## [About this task]
The data below holds a line containing "滑走路の手前で40度ほど左旋回して着陸するルートだ。" and a line containing "- čtvercová základna"; please quote exactly those two lines and every line between them, and nothing else.

## [Dataset extract]
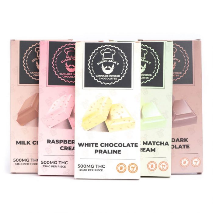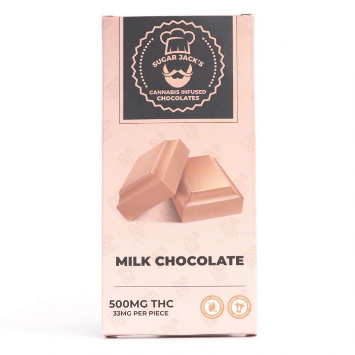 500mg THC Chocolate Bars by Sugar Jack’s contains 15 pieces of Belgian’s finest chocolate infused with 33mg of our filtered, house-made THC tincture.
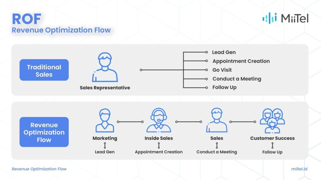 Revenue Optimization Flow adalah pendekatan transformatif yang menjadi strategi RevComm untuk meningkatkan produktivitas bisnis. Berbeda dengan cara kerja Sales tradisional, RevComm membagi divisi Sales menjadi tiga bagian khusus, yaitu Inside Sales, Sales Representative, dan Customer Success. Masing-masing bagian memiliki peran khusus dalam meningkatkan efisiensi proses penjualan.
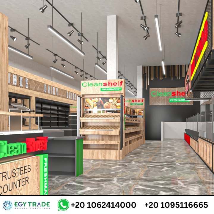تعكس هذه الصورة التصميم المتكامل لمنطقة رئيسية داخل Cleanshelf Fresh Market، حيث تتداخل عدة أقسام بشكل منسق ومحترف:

---

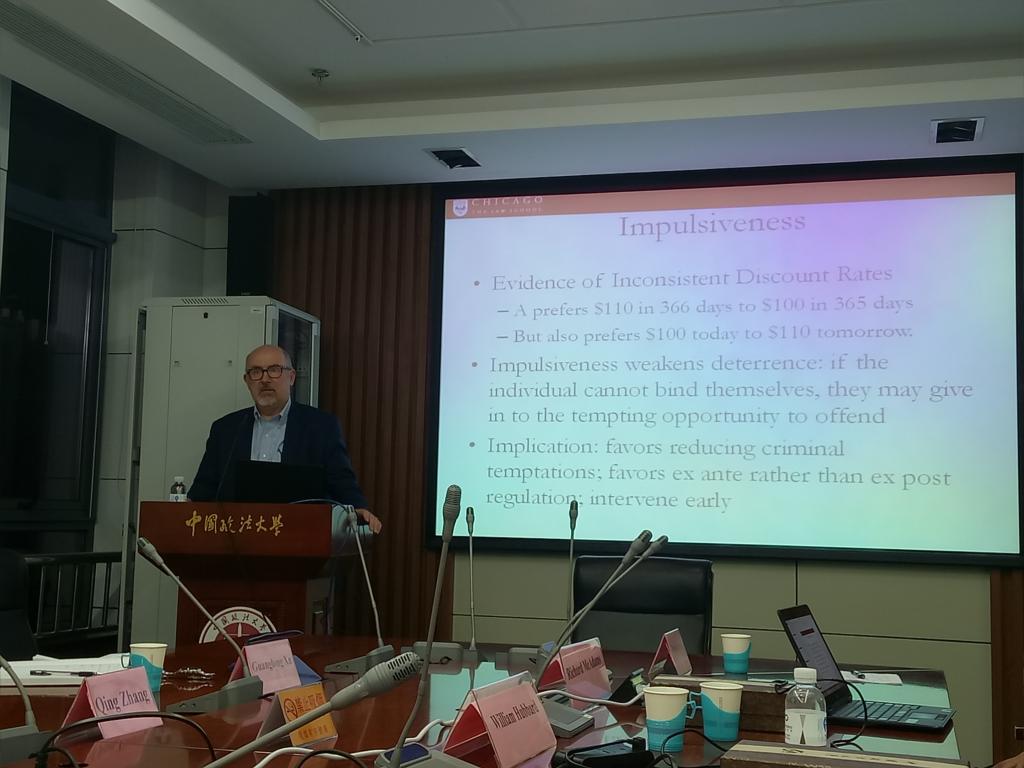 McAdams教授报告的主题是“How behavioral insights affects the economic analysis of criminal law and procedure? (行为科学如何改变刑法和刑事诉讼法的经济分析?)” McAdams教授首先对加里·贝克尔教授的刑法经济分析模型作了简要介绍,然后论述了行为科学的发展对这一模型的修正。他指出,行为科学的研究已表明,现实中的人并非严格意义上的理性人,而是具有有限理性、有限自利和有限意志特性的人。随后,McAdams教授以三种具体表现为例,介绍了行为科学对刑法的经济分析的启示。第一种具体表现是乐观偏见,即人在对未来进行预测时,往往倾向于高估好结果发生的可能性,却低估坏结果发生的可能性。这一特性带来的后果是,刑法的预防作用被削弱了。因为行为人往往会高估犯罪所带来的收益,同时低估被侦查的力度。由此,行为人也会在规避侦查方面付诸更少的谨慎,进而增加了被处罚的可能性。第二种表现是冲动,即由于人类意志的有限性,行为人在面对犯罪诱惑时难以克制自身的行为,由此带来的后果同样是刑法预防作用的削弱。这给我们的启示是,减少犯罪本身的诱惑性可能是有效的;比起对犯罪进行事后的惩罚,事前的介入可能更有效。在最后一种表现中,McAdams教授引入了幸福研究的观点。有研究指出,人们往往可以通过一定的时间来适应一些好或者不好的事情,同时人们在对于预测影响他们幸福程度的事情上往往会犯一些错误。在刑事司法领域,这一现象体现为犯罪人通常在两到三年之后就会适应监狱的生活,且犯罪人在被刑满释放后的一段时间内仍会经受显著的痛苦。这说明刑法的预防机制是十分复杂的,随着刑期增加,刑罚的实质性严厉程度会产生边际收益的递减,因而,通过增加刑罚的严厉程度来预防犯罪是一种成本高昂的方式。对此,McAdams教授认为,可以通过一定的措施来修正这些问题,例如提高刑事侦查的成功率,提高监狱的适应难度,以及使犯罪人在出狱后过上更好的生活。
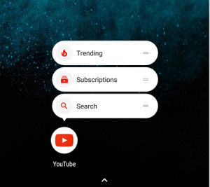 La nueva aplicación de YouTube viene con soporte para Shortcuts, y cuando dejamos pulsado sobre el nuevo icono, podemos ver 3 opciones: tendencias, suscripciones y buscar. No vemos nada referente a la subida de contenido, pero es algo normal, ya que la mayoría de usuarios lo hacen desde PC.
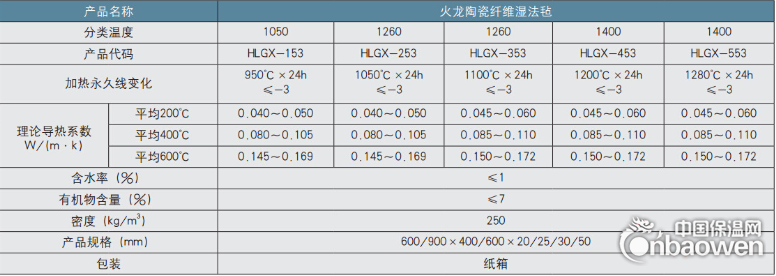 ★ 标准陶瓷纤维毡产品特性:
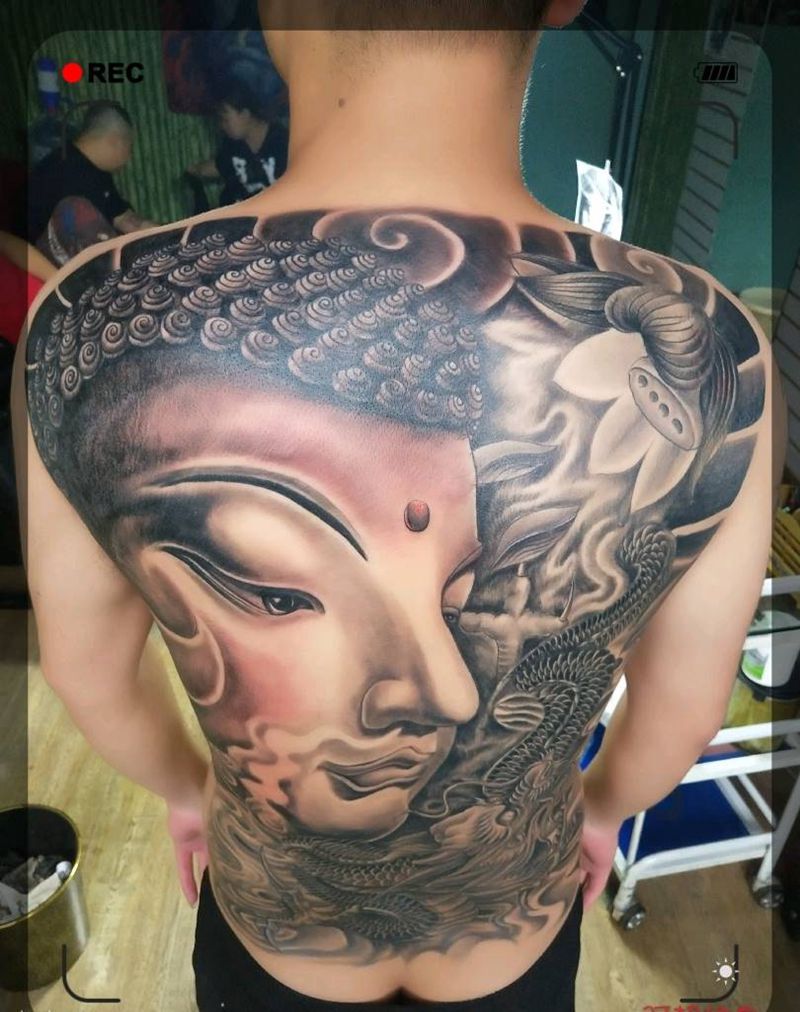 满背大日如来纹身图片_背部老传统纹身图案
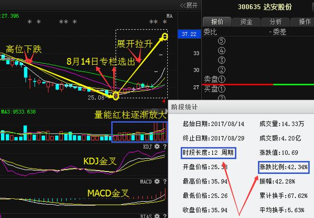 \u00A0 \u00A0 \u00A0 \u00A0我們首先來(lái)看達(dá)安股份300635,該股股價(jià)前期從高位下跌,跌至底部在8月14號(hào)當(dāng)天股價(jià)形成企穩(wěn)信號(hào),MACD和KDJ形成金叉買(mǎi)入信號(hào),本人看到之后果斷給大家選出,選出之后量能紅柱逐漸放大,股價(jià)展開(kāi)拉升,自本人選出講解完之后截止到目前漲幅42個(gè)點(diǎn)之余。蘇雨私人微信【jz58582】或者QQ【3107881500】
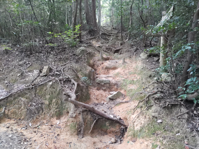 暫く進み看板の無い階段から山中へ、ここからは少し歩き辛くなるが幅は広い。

---

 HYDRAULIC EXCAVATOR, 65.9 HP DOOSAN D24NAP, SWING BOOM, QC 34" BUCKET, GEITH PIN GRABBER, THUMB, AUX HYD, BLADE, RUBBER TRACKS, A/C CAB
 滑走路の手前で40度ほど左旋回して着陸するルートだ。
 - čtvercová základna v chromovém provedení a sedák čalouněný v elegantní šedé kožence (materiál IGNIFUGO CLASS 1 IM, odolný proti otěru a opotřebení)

## [Response area]
 滑走路の手前で40度ほど左旋回して着陸するルートだ。
 - čtvercová základna v chromovém provedení a sedák čalouněný v elegantní šedé kožence (materiál IGNIFUGO CLASS 1 IM, odolný proti otěru a opotřebení)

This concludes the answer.